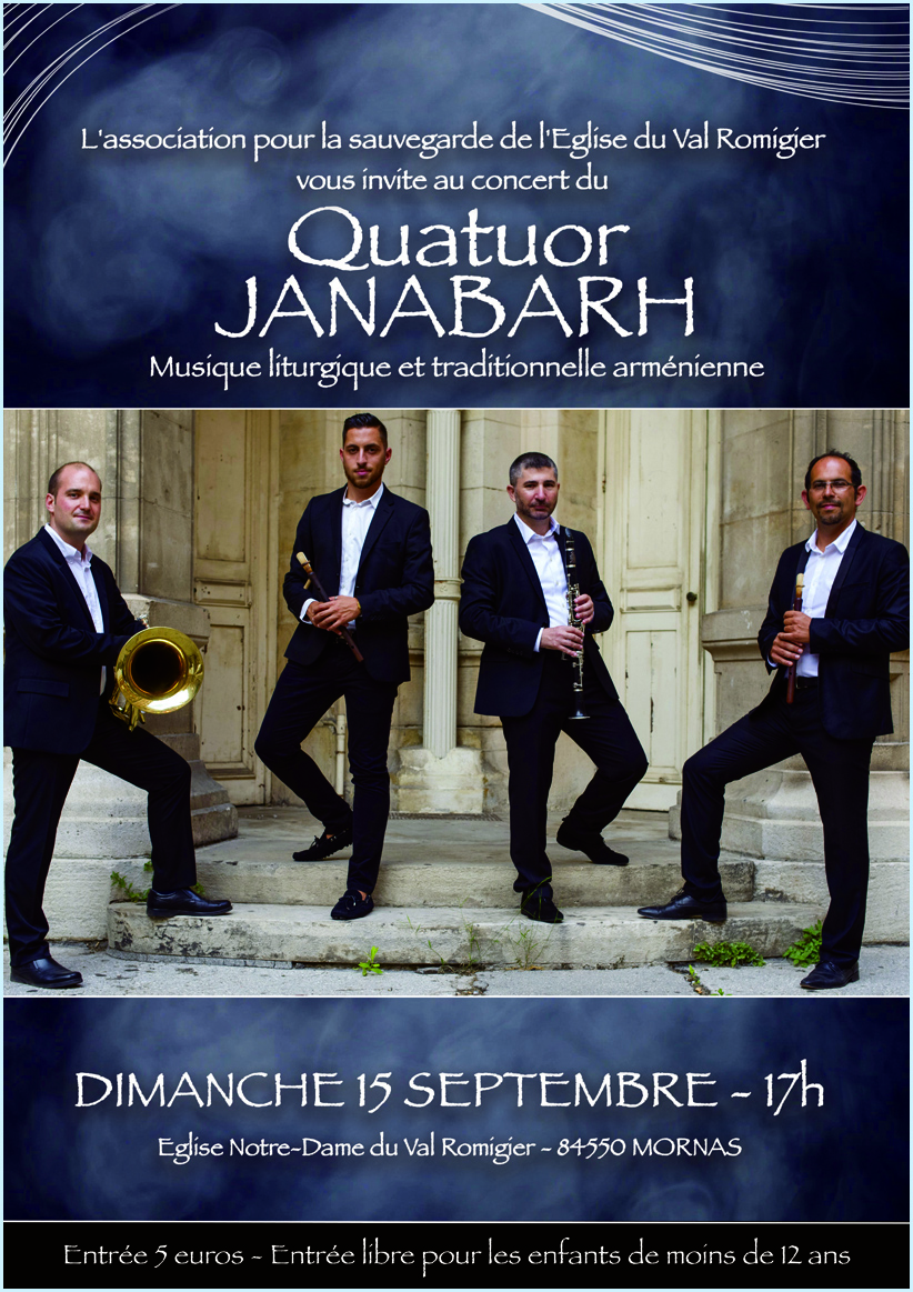 « Janabarh » (le chemin en arménien) est issu de la rencontre de quatre musiciens réunis et guidés par l’envie de développer et mettre en lumière les musiques arméniennes dans la voie ouverte par des maîtres comme le doudoukiste Djivan Gasparyan. Le quatuor à vents mêle des sonorités millénaires d’instruments traditionnels tels que le doudouk ou le beloul et d’instruments classiques avec la clarinette et l’euphonium. Il propose une lecture méditative des musiques liturgiques traditionnelles ou classiques arméniennes, anciennes ou plus modernes. Il interprète aussi une suite de Noëls provençaux. L’auditeur est donc invité au voyage dans le temps entre Orient et Occident.
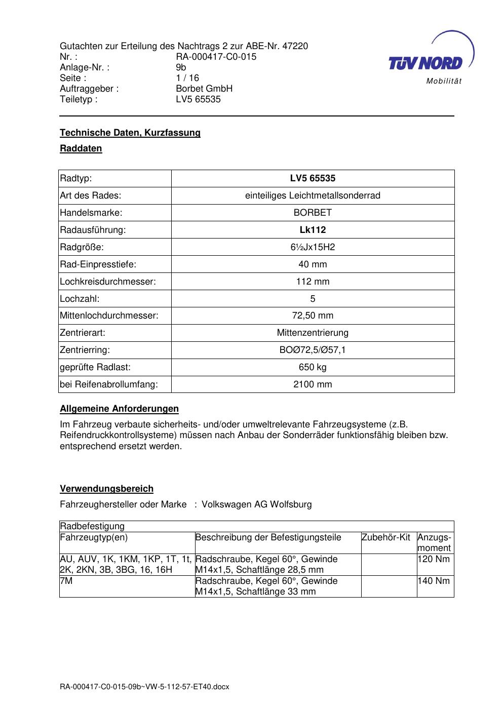 Dieses Gutachten (abe) bezieht sich auf die Alufelge brand-borbet LV5 65535 in der Ausführung ET 0, Mittenloch 0 mm (KBA 47220). Im PDF findest du typischerweise zulässige Reifengrößen, Auflagen/Anbauhinweise und – je nach Dokument – Hinweise zur Eintragung.
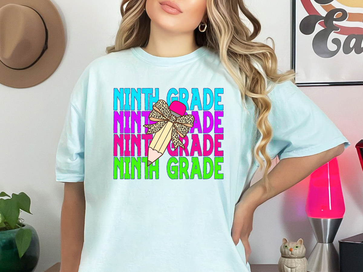 Ninth Grade Bookworm Repeat Leopard Pencil DTF Print
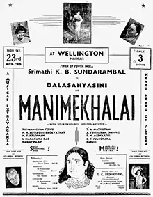 Manimekalai is the first film based on the Chithalai Chathanar-written epic of the same name, one of the Five Great Epics of Tamil literature.[2] It was directed and photographed by Bomman Irani, and produced by T. Krishnachand under T. K. Productions while the screenplay was written by A. M. Somarajulu and S. Ramaiah. The final length of the film was 17,500 feet (5,300 m).[3] The film was launched in 1938, but took a long time to complete due to various reasons, mainly financial. Additionally, distributors were reluctant to pick the film up even after its completion.[2]

#### Work task
Extract all the data above exactly, excluding every picture.

#### Task output
 « Janabarh » (le chemin en arménien) est issu de la rencontre de quatre musiciens réunis et guidés par l’envie de développer et mettre en lumière les musiques arméniennes dans la voie ouverte par des maîtres comme le doudoukiste Djivan Gasparyan. Le quatuor à vents mêle des sonorités millénaires d’instruments traditionnels tels que le doudouk ou le beloul et d’instruments classiques avec la clarinette et l’euphonium. Il propose une lecture méditative des musiques liturgiques traditionnelles ou classiques arméniennes, anciennes ou plus modernes. Il interprète aussi une suite de Noëls provençaux. L’auditeur est donc invité au voyage dans le temps entre Orient et Occident.
 Dieses Gutachten (abe) bezieht sich auf die Alufelge brand-borbet LV5 65535 in der Ausführung ET 0, Mittenloch 0 mm (KBA 47220). Im PDF findest du typischerweise zulässige Reifengrößen, Auflagen/Anbauhinweise und – je nach Dokument – Hinweise zur Eintragung.
 Ninth Grade Bookworm Repeat Leopard Pencil DTF Print
 Manimekalai is the first film based on the Chithalai Chathanar-written epic of the same name, one of the Five Great Epics of Tamil literature.[2] It was directed and photographed by Bomman Irani, and produced by T. Krishnachand under T. K. Productions while the screenplay was written by A. M. Somarajulu and S. Ramaiah. The final length of the film was 17,500 feet (5,300 m).[3] The film was launched in 1938, but took a long time to complete due to various reasons, mainly financial. Additionally, distributors were reluctant to pick the film up even after its completion.[2]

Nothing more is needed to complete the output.